A plataforma do Estado costeiro compreende o leito e o subsolo das áreas submarinas
(continentais ou insulares) além do seu mar territorial, até, em princípio, uma
distância de 200 milhas marítimas. A Convenção admite, porém, uma extensão maior
(até ou além de 350 milhas marítimas). O Estado costeiro exerce direitos exclusivos de
soberania sobre a plataforma, para fins de exploração e aproveitamento de seus recursos
naturais. Compreendem, estes, os recursos minerais e outros recursos não vivos do leito
do mar e subsolo e os organismos vivos pertencentes a espécies sedentárias, que, ao
período de captura, estão imóveis ao leito ou subsolo ou só podem mover-se em
constante contato físico com esse leito ou subsolo.

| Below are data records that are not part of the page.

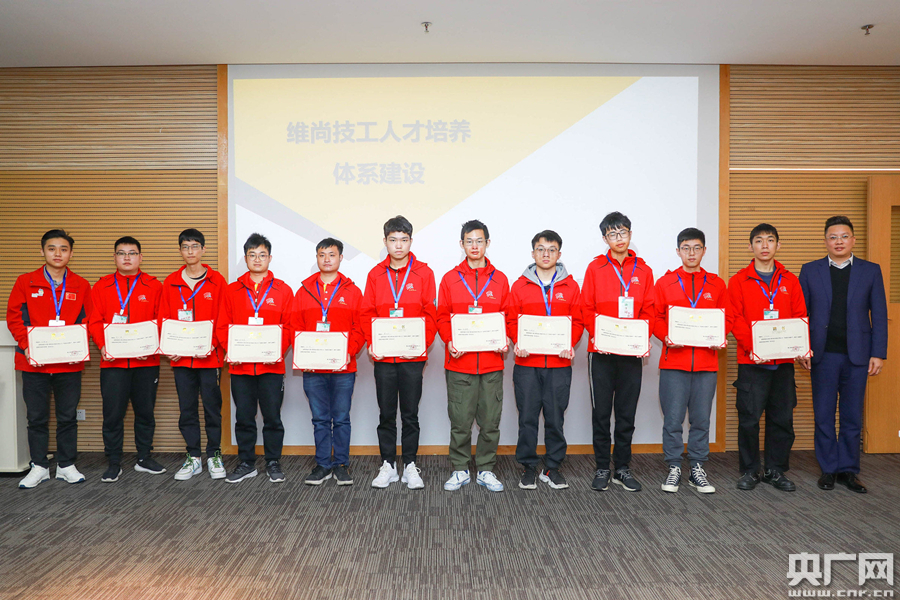 維尚向到訪的年輕工匠們頒發(fā)“高級技術顧問”聘書(央廣網(wǎng)發(fā))
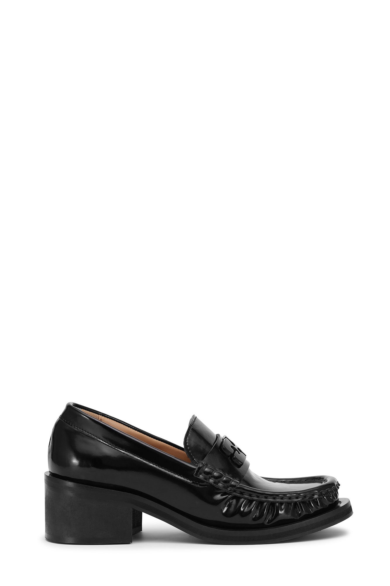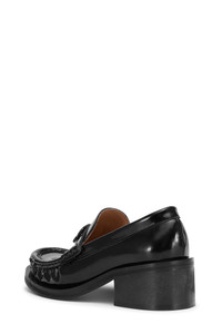 These Black Butterfly Logo Mid Heel Loafers feature a GANNI Butterfly logo and round toes. DETAILS - 58% recycled leather, 25% polyester, 17% polyurethane. Learn more about our materials - Lining composition: 76% Polyurethane 24% Viscose - GANNI Butterfly hardware logo Made in: Portugal Product ID: S2630
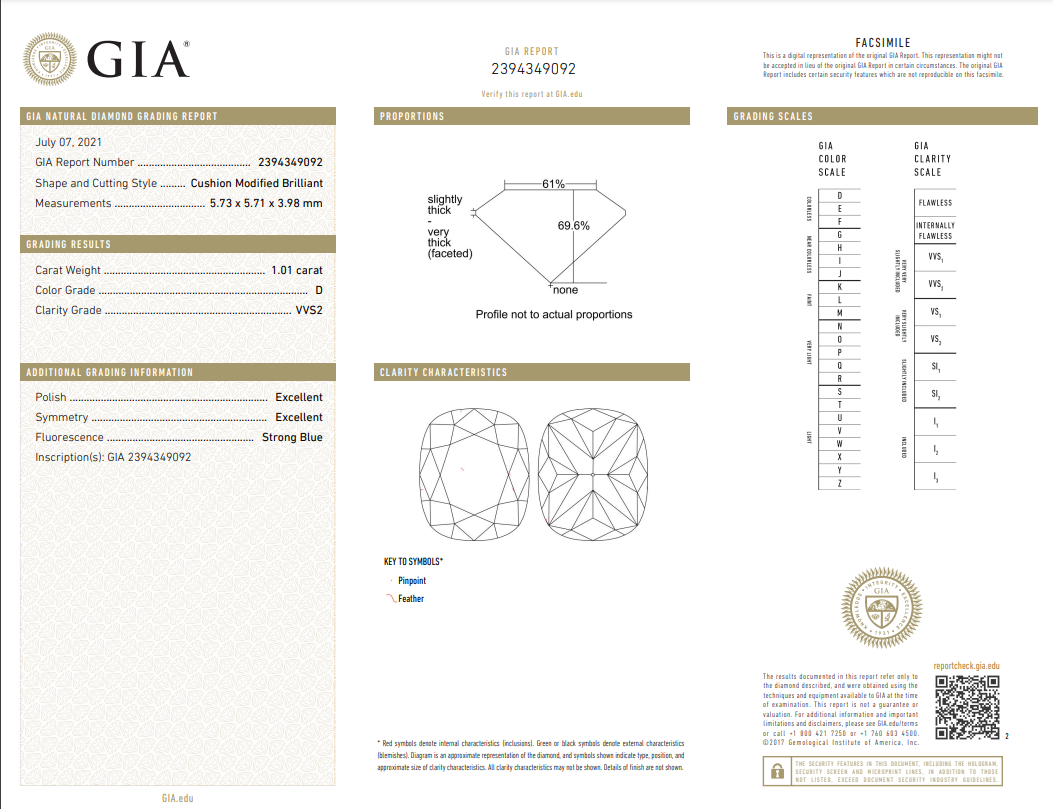 A loose Cushion cut Diamond of 1.00ct (With GIA report graded as D VVS2 #2394349092). (New)
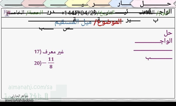 4. الصف الأول الثانوي, رياضيات, عرض بوربوينت للدرس الرابع ميل المستقيم
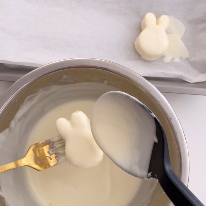 この時、きれいな面を上にしてチョコをかけると仕上がりもきれいです。
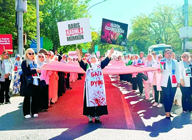 AK Parti Kadın Kolları Genel Başkanı Tuğba Işık Ercan da Gazze'nin sessiz çığlığına ses olmak için kadınların el ele verdiklerini tüm dünyaya göstermek amacıyla meydanlarda olduklarını söyledi. Ercan, “Bu mesele ne dünyadaki rollerimizle ne taşıdığımız ünvanlarla ne de sahip olduklarımızla ilgilidir. Bu mesele, insanlık meselesidir. Bugün Türkiye'den tüm dünyaya tek bir şey söylüyoruz, barış kadınla mümkündür. Slogan atmıyoruz vicdanlarımızla haykırıyoruz. Çünkü bazı sessizlikler vardır ki arşı yere indirir ve bizim sessizliğimiz, Gazze'nin en gür çığlığı olacaktır” ifadelerini kullandı.
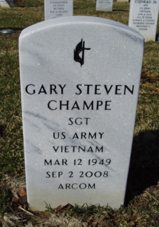 Mary at POW Network sends us information on Gary S. Champe, whose headstone above is in the Indiana Veterans Memorial Cemetery, Madison, IN. According to his obituary, he had three tours of Vietnam and a stint as a POW;
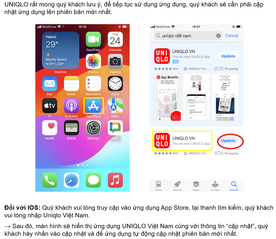 Nhằm mục đích nâng cao trải nghiệm mua sắm của quý khách, UNIQLO Việt Nam cập nhật một số chức năng và giao diện trên website và ứng dụng UNIQLO Việt Nam, quý khách vui lòng tham khảo thông tin qua các hình ảnh sau:

Tais direitos não afetam o regime
jurídico das águas sobrejacentes ou do espaço aéreo acima dessas águas, nem a
navegação e outras liberdades dos demais Estados, como a colocação de cabos e dutos
submarinos. Os Estados costeiros têm o direito de regulamentar a investigação
científica marinha, a proteção do meio marinho, bem como a construção, operação e
uso de ilhas artificiais, instalações e estruturas, admitindo a lei brasileira a
condução da investigação científica marinha por outros Estados, com o consentimento
prévio do governo do Brasil. A Comissão de Limites da Plataforma Continental (Anexo II)
estabelece um prazo de até 10 anos, após a entrada em vigor da Convenção, para a
delimitação da plataforma continental jurídica dos Estados-partes, quando sua extensão
máxima será de 200 milhas marítimas, razão da criação, no Brasil do LEPLAC (Plano de
Levantamento da Plataforma Continental Brasileira). Para tornar os limites marítimos do
País compatíveis com a Convenção da ONU, o Brasil promulgou a Lei nº 8.617/93.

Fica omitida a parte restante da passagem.